Transcript
A (0:02)
Latitude Media, covering the new frontiers of the energy transition.
B (0:08)
From Latitude Media, this is Open Circuit. I am Stephen Lacy and it's just me today. Jigger and Catherine are going to be back with me next week. And as we start to wind down the year, we're, you know, we're in that seasonal reflection mode. And so in that spirit, we've got a bit of a different episode this week. We, we just passed the three year mark of when ChatGPT dropped on the world, which launched this commercial arms race for AI dominance. And it's become a magnetic force, some would call it a black hole for capital, the workforce and media attention.
B (0:43)
And the narrative of the last few years, driven by figures like Sam Altman, was intoxicatingly simple. Large language models are the on ramp to general artificial intelligence. And the only bottleneck to getting there is scale. Just feed the machine more, more chips and more electricity and it will get smarter.
C (1:00)
Look, I think compute is going to be the currency of the future. I think it will be maybe the.
B (1:05)
Most precious commodity in the world, and I think we should be investing heavily.
C (1:10)
To make a lot more compute.
B (1:11)
In the race to build these LLMs, the top tech companies have collectively teed up more than a trillion dollars in capital expenditures to expand their computing power. And obviously seeing an opportunity there, Utilities are planning another trillion dollars to upgrade the grid over the next three years, much of it to serve the appetite of AI data centers. Investors are cheering both parties along, and the entire logic of this multi trillion dollar leg of the race has been based on this belief that scale is the determining force for building human level intelligence. But three years in this narrative, at least for LLMs, is showing cracks. Ilya Sutskever, the co founder and former Chief Scientist at OpenAI, was on the Dwarkesh podcast about a week ago. This is one of the most influential AI experts in the world. And he questioned the idea of a scaling law for large language models. From 2012 to 2020, it was the age of research.

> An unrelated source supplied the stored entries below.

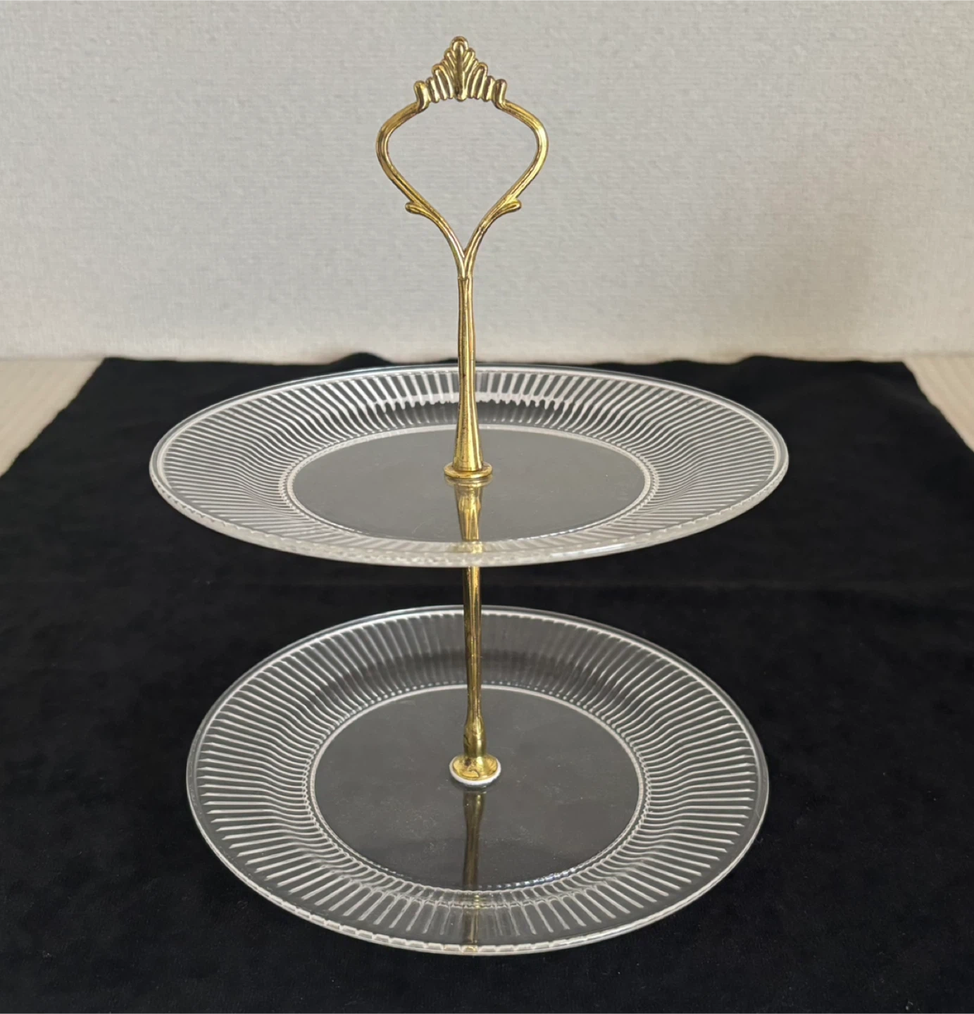 金属製スワールデザインカップケーキスタンド 2段式 ディスプレイ
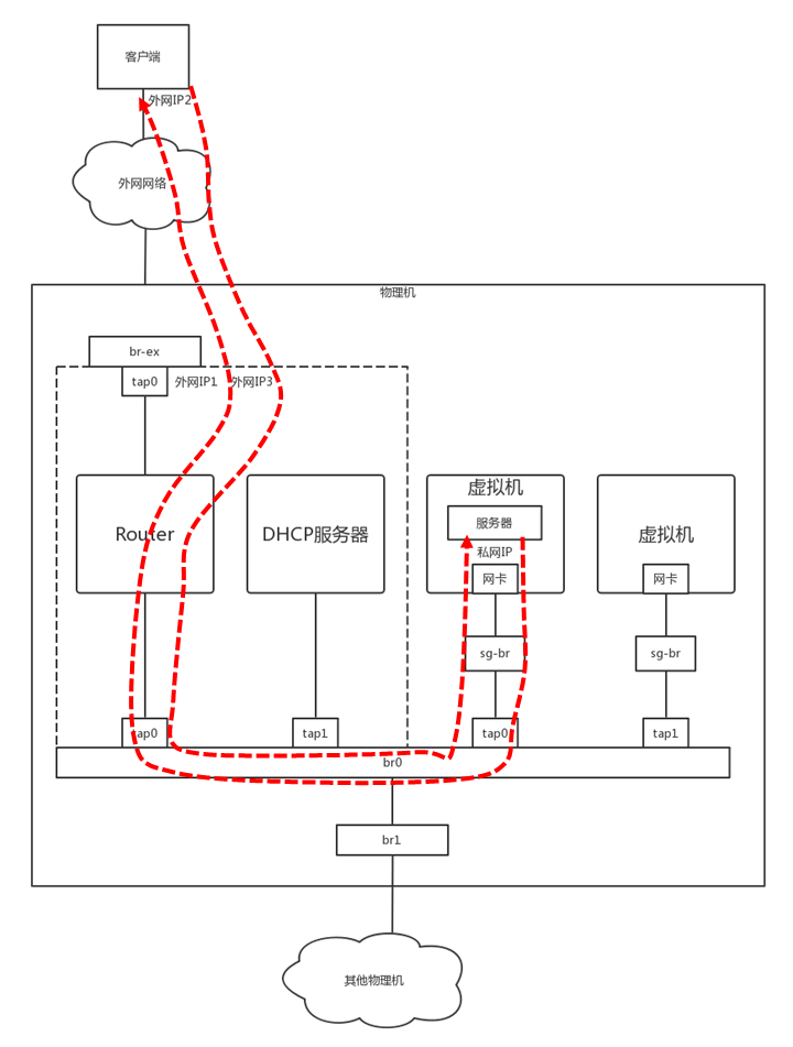 我们在前面的章节讲过,如果要在虚拟机里面提供服务,提供给外网的客户端访问,客户端需要访问外网IP3,会在外网网口NAT称为虚拟机私网IP。这个NAT规则要在这个namespace里面配置。
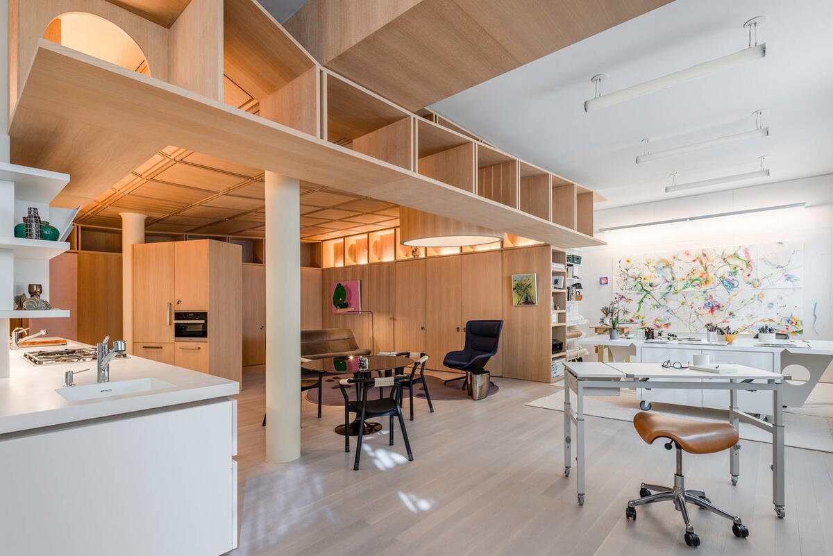 В классическом металлическом здании Нью-Йорка переплетены три типа пространств: рабочая студия, галерея и жилое пространство. Заказчик, художник, заказал капитальный ремонт заброшенного чердака прямо над «Земляной комнатой Диа» Уолтера Де Марии (Walter De Maria). Расположенное в одном из первых кооперативов Fluxhouse, это место стало генератором трансформации Сохо 1970-х годов из складского в художественный район. Этот проект начался в студии Дайан Льюис (Diane Lewis), где Эмма Фуллер (Emma Fuller) была ведущим дизайнером и помощником. После преждевременной смерти Дайаны компания Fuller/Overby Architecture продолжила и завершила проектные работы и курировала строительство. В этой реконструкции столярная конструкция вставлена в структурный каркас XIX века. Проект разворачивается вокруг централизованного кессонного пространства, разбитого на отдельные программные зоны, каждая из которых адаптирована к условиям площадки и практическим требованиям. Студия окружена оконным фасадом, внутре
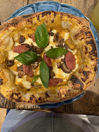 Nous avons réservé une table pour deux avec ma copine, mais à notre arrivée, nous n’étions pas sur leur liste malgré la confirmation de la réservation. Le service était très chaotique, avec des erreurs répétées : les boissons étaient commandées deux fois, et les commandes perdues revenaient sans cesse. J’étais venu tester leur pizza 'championne du monde', mais après avoir choisi ma pizza, la serveuse m’a répondu "il n'y en a plus", comme si c'était une évidence, (à 19h30 !!!) en riant, sans que ce soit indiqué nulle part. Puis, un autre serveur m’a demandé si nous avions fait notre choix à peine 15 secondes après la première serveuse… Le service était complètement débordé et peu organisé. Un autre aspect concerne la musique beaucoup beaucoup trop forte, je n'entendais pas ma compagne parler... Malgré tout, les pizzas étaient bonnes et c'est ça qu'on veut au final. Un grand potentiel, mais le service a besoin d’être amélioré.
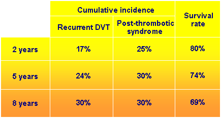 Prandoni P, Lensing AWA, Prins MR. Long-term outcomes after deep venous thrombosis of the lower extremities. Vasc Med 1998; 3:57-60.
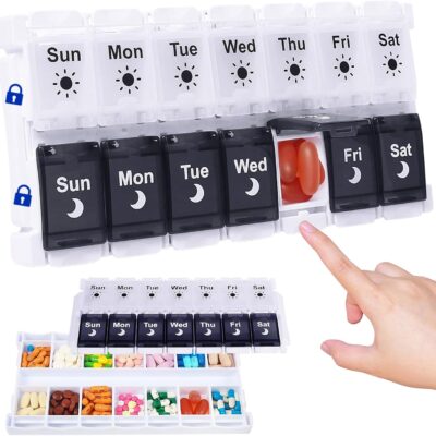 Pill Boxes 7 Day 2 Times a Day, Easy Fill Push Button Weekly Pill Box Medicine Organiser Large Am Pm Tablet Organiser for Vitamin, Fish Oil, Supplements
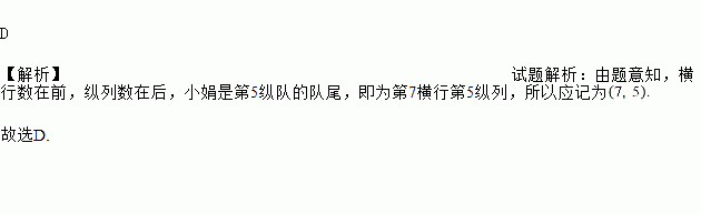 体育课上,七年级某班49名同学在操场上练习正方形方队,他们站成7×7方队,每横队7人,每纵队7人,小敏在第2纵队的排头,记为(1,2),小娟在第5纵队的队尾,则小娟的位置应记为( )
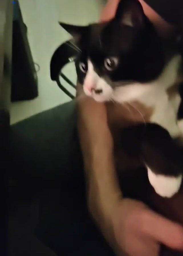 A person sits, holding a cat in their arms. The cat is mostly black with white markings around its face, chest and paws. The cat looks around warily. The person's hands are visible. A computer chair is visible in the background. The scene is dimly lit.
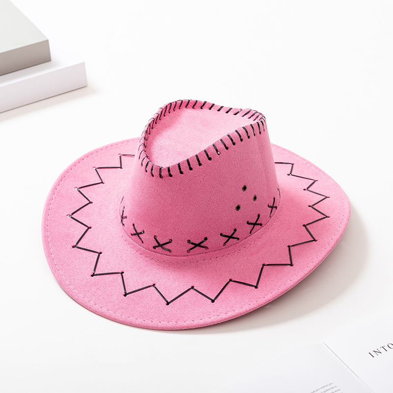 西部牛仔草帽骑士帽子男女士夏天遮阳帽 休闲鸡皮绒牛仔帽 批发

Now from 2020 to 2025, it was the age of scaling. Because people say, this is amazing. You gotta scale more. Keep scaling the one word, scaling. But now the scale is so big. Like, is the belief really that, oh, it's so big, but if you had 100x more, everything would be so different. Like, it would be different for sure. But like is the belief that if you just honeydex the scale, everything would be transformed. I don't think that's true.